Lack of protease inhibitor resistance following treatment failure — too good to be true?

John A. Bartlett, MD

Department of Medicine and the Duke Global Health Institute, Duke University Medical Center, Durham, North Carolina, USA.

Address correspondence to: John A. Bartlett, Department of Medicine and the Duke Global Health Institute, Box 3238, Duke University Medical Center, Durham, North Carolina 27710, USA. Phone: 919.681.8043; Fax: 919.681.7748; E-mail: jab5@duke.edu.

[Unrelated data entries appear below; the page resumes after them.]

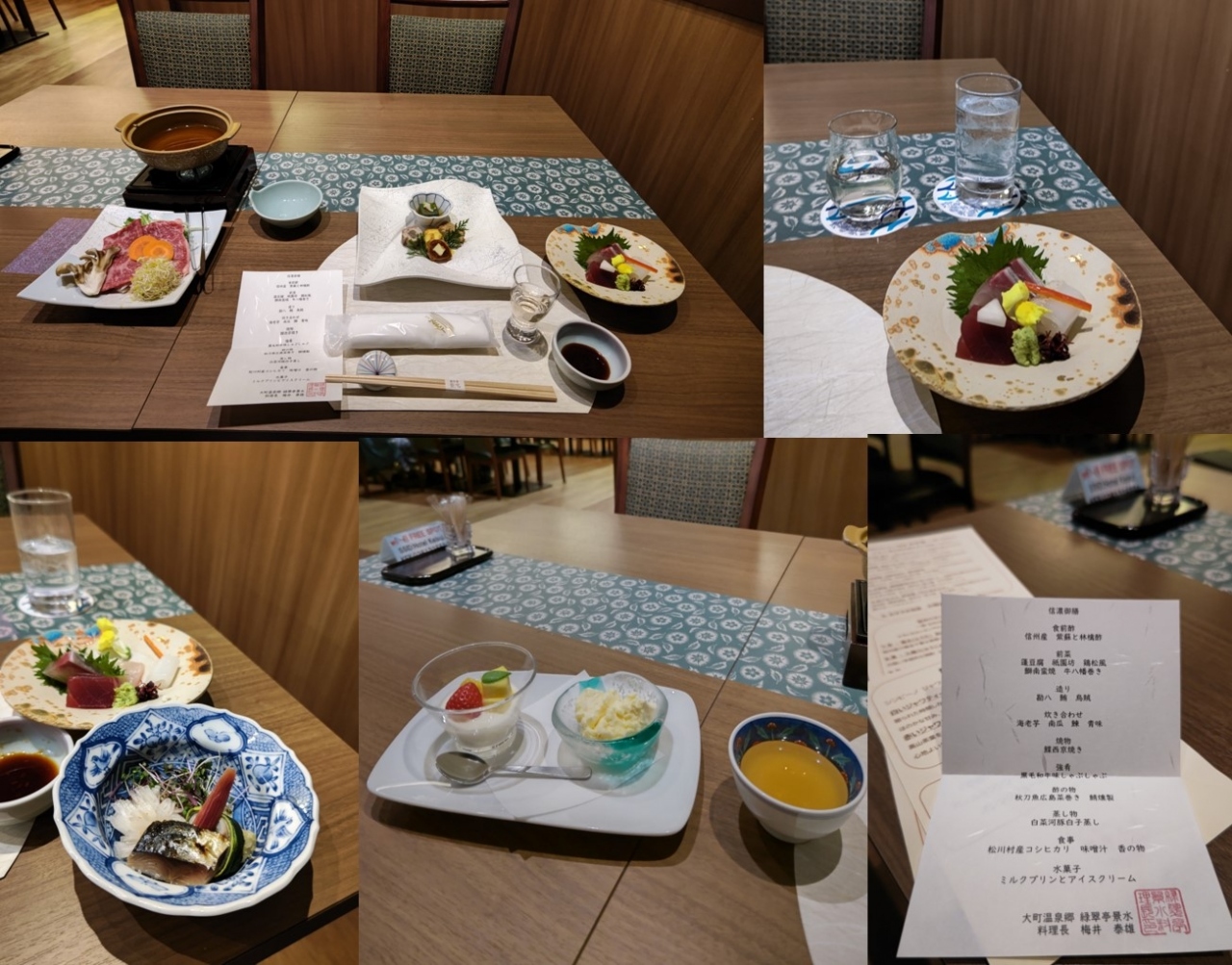 食事は1階の食堂で頂きました。朝夕共に若干量は少なめな感じですが、少なすぎて困るほどでもなく。夕食の黒毛和牛しゃぶやデザートは美味しかったですし、十分満足できるレベルでしょう。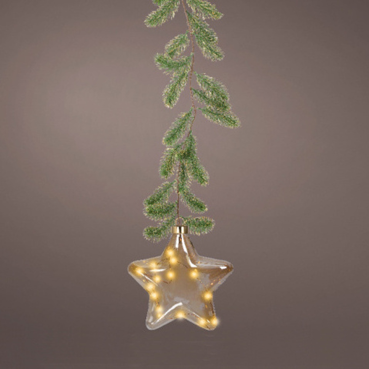 Nádherná skleněná jantarová hvězda ozdobená jemným závěsem z umělého jehličí a vybavená 15 microLED diodami v bílé barvě. Perfektní dekorace, která rozjasní váš domov a přinese do něj zimní kouzlo a vánoční atmosféru.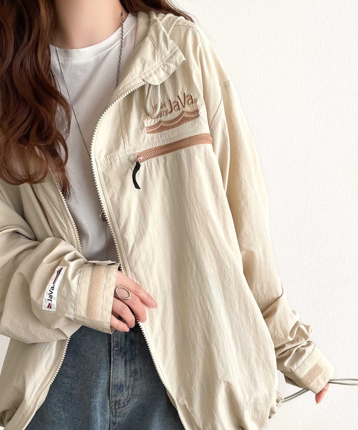 《Javaジャバコラボ》洗練されたカジュアルスタイル。オーバーサイズジップアップ軽量パーカー jv1260312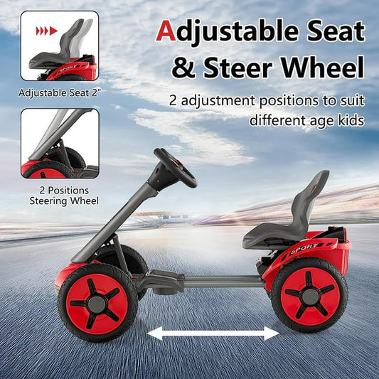 OLAKIDS Go Kart for Kids, 12V Battery Ride On Car with Adjustable Seat and Steering Wheel, Folding Wheel, Detachable Cup Holder, LED Light, Electric Go Cart for Ages 2-5 Years (Red)

First published August 27, 2013

A 29-year-old man with recently diagnosed HIV infection and a CD4 cell count of 225/mm3 began treatment with atazanavir (300 mg), ritonavir (100 mg), emtricitabine (200 mg), and tenofovir (300 mg) daily. For 18 months, he was treatment adherent and his plasma HIV RNA level was below the limit of detection. He then began a relationship with a new partner, who introduced him to methamphetamines. His medication adherence became erratic, and he missed appointments in clinic. Eventually. he was hospitalized for rehabilitation, and he resumed taking his medications on schedule. Following his discharge, he was found to have a plasma HIV RNA level of 11,400 copies/ml. Genotypic resistance testing revealed only an M184V mutation associated with emtricitabine resistance. A decision regarding his next treatment regimen needs to be made.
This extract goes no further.